━━━━━ The data ━━━━━

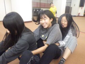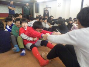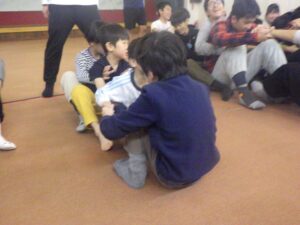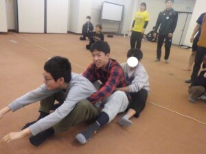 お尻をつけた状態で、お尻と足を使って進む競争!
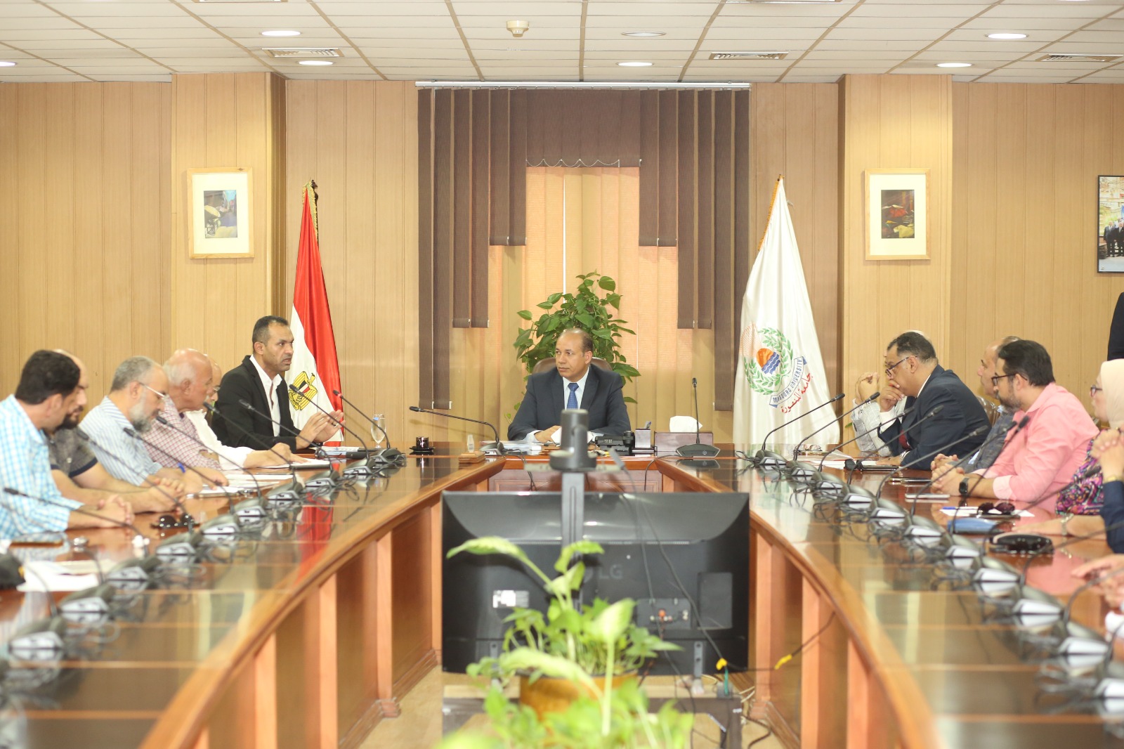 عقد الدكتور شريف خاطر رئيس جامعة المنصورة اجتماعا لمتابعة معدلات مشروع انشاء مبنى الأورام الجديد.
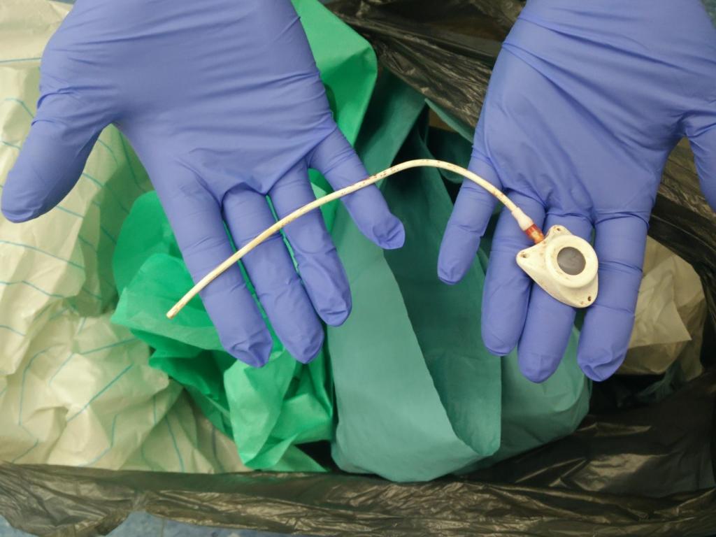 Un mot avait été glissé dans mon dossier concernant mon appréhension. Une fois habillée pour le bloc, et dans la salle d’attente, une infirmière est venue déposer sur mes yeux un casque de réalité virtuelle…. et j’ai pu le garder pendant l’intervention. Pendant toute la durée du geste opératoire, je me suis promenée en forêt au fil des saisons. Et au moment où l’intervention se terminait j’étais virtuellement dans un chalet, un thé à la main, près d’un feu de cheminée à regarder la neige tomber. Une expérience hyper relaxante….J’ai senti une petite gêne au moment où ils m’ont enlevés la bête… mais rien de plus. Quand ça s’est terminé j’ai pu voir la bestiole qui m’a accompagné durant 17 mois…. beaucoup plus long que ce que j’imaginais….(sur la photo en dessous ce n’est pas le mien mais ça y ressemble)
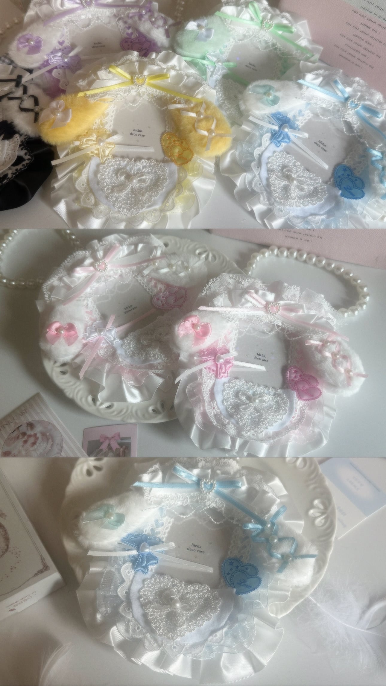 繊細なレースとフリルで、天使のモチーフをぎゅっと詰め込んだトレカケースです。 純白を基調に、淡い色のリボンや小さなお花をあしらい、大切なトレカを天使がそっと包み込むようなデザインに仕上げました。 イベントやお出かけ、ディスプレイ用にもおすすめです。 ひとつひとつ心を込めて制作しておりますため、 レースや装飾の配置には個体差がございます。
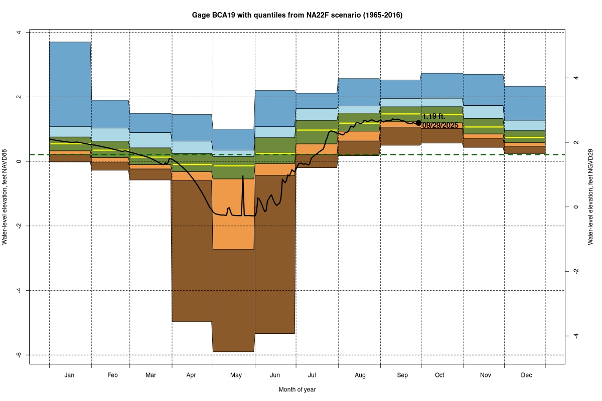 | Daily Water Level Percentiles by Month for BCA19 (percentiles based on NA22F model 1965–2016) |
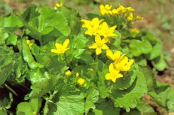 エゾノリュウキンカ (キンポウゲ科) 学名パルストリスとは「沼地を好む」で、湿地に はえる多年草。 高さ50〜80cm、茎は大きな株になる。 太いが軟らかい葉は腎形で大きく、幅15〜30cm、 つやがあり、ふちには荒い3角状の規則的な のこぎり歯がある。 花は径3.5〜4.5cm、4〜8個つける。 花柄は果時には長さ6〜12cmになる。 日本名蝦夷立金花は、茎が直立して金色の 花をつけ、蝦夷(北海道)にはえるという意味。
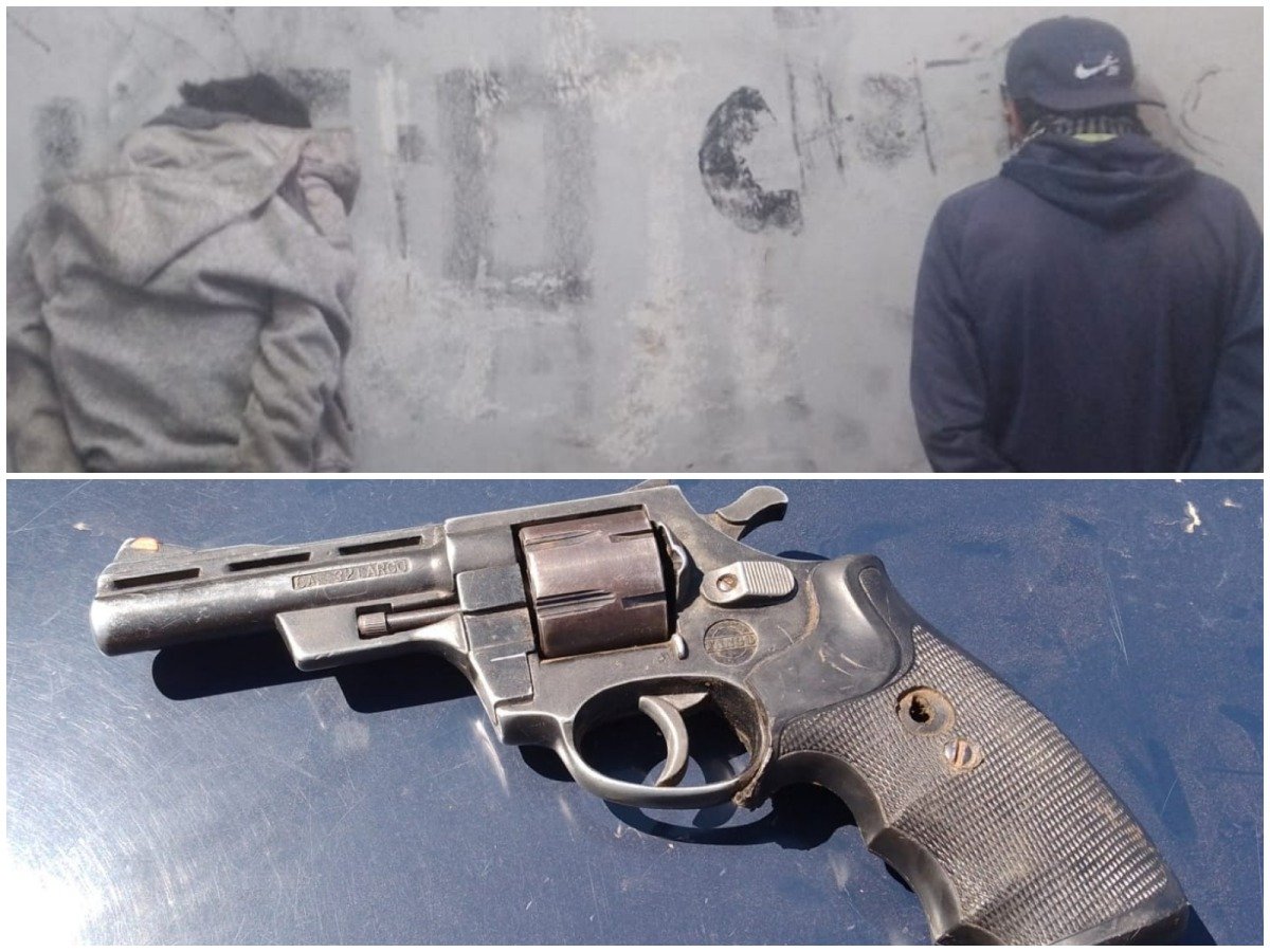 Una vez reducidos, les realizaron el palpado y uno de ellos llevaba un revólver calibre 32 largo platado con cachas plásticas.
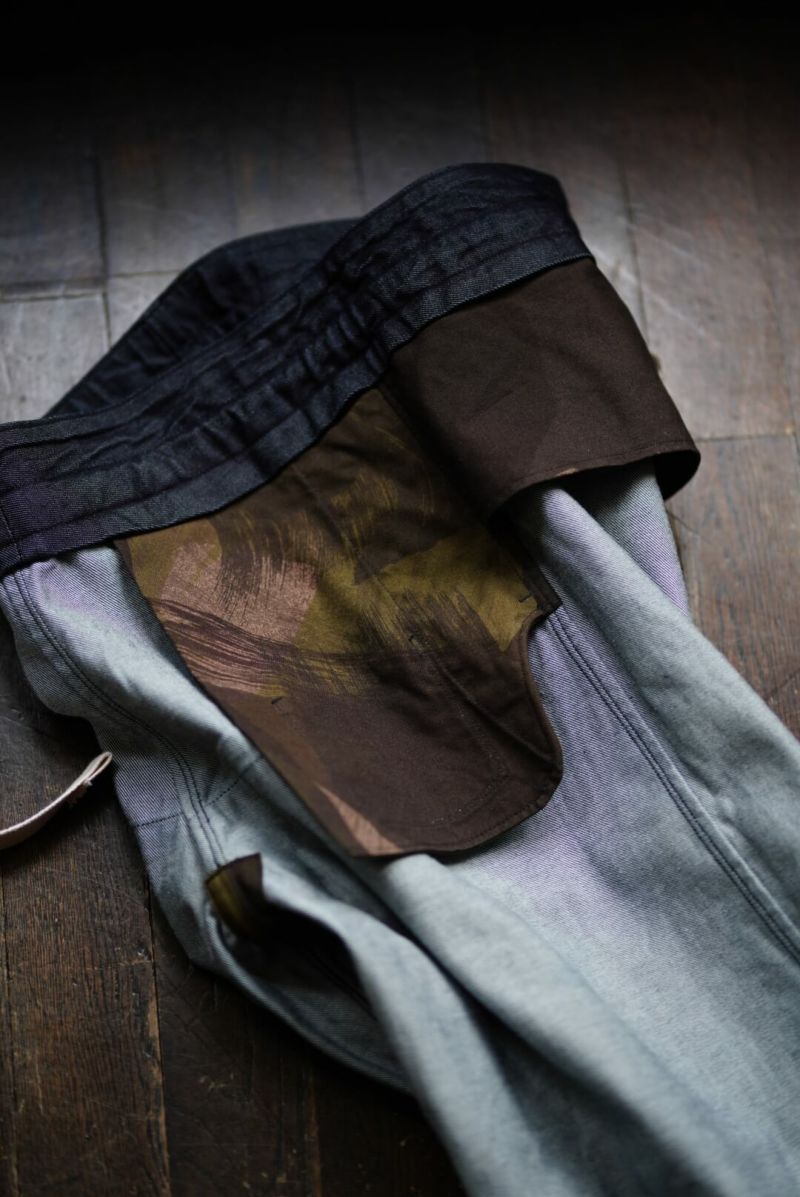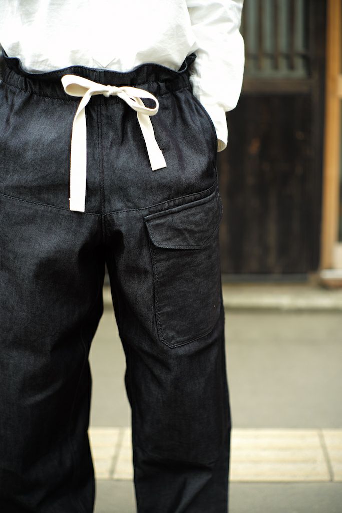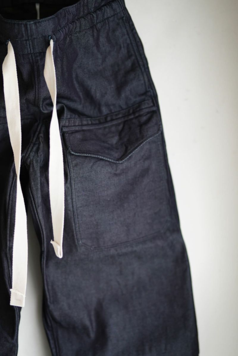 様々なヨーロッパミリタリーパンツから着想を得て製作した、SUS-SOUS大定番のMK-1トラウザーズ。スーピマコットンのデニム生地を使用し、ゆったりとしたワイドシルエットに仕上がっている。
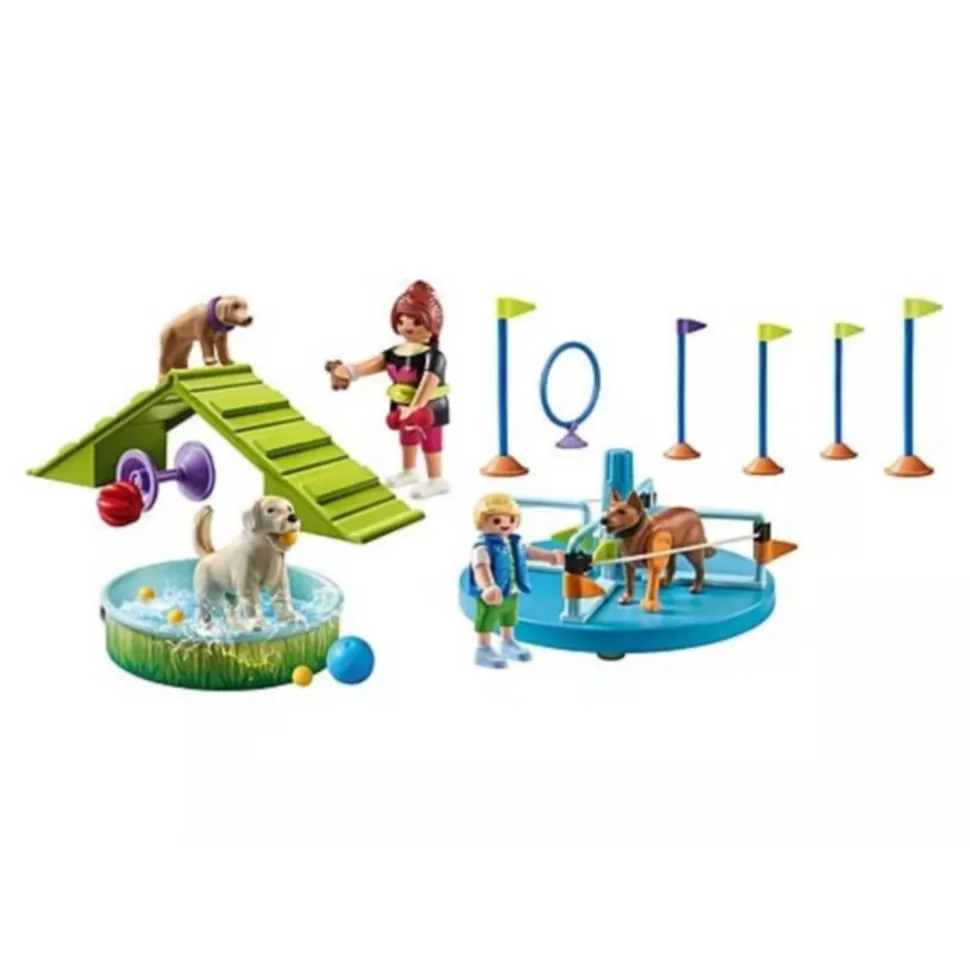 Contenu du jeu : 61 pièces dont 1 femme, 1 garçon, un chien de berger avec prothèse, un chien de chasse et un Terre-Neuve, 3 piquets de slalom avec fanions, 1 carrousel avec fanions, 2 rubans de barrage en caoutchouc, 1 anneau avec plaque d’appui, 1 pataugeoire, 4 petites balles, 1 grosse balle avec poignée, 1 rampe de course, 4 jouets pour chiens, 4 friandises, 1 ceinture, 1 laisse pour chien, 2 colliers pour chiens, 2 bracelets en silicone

━━━━━

If a line falls between the first line of the records above and the line containing "model 1965–2016) |", inclusive, retype it exactly; leave pictures out.

 お尻をつけた状態で、お尻と足を使って進む競争!
 عقد الدكتور شريف خاطر رئيس جامعة المنصورة اجتماعا لمتابعة معدلات مشروع انشاء مبنى الأورام الجديد.
 Un mot avait été glissé dans mon dossier concernant mon appréhension. Une fois habillée pour le bloc, et dans la salle d’attente, une infirmière est venue déposer sur mes yeux un casque de réalité virtuelle…. et j’ai pu le garder pendant l’intervention. Pendant toute la durée du geste opératoire, je me suis promenée en forêt au fil des saisons. Et au moment où l’intervention se terminait j’étais virtuellement dans un chalet, un thé à la main, près d’un feu de cheminée à regarder la neige tomber. Une expérience hyper relaxante….J’ai senti une petite gêne au moment où ils m’ont enlevés la bête… mais rien de plus. Quand ça s’est terminé j’ai pu voir la bestiole qui m’a accompagné durant 17 mois…. beaucoup plus long que ce que j’imaginais….(sur la photo en dessous ce n’est pas le mien mais ça y ressemble)
 繊細なレースとフリルで、天使のモチーフをぎゅっと詰め込んだトレカケースです。 純白を基調に、淡い色のリボンや小さなお花をあしらい、大切なトレカを天使がそっと包み込むようなデザインに仕上げました。 イベントやお出かけ、ディスプレイ用にもおすすめです。 ひとつひとつ心を込めて制作しておりますため、 レースや装飾の配置には個体差がございます。
 | Daily Water Level Percentiles by Month for BCA19 (percentiles based on NA22F model 1965–2016) |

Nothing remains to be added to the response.